> [STORED DATA]:
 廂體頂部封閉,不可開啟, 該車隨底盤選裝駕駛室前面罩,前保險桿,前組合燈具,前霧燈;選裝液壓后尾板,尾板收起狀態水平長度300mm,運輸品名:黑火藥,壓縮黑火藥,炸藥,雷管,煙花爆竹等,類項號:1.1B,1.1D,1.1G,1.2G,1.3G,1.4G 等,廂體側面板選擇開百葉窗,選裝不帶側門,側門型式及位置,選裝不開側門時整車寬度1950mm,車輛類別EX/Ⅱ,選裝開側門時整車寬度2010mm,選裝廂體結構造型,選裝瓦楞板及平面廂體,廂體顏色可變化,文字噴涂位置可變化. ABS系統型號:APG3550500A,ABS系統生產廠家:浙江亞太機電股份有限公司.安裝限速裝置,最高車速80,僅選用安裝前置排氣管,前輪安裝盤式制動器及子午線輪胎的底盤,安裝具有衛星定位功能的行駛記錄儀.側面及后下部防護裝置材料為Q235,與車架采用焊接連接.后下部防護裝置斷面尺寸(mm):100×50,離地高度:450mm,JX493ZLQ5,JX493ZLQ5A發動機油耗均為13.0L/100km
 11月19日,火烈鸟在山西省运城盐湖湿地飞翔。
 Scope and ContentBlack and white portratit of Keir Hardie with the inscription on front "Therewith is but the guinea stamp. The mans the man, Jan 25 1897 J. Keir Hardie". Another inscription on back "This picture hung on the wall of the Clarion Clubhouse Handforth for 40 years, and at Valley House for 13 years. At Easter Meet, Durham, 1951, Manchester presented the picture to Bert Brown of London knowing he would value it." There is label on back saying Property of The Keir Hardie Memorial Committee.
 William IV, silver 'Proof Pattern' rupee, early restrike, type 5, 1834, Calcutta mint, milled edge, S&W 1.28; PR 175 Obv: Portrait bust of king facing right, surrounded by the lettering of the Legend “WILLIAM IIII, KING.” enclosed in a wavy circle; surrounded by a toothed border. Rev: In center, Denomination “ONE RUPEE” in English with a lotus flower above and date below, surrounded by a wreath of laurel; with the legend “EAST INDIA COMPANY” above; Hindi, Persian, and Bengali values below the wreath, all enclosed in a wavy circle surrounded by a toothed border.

> [EXERCISE GOAL]:
Please state how many lines hold the string "with" in the listing above, giving the figure alone.

> [WORKED SOLUTION]:
2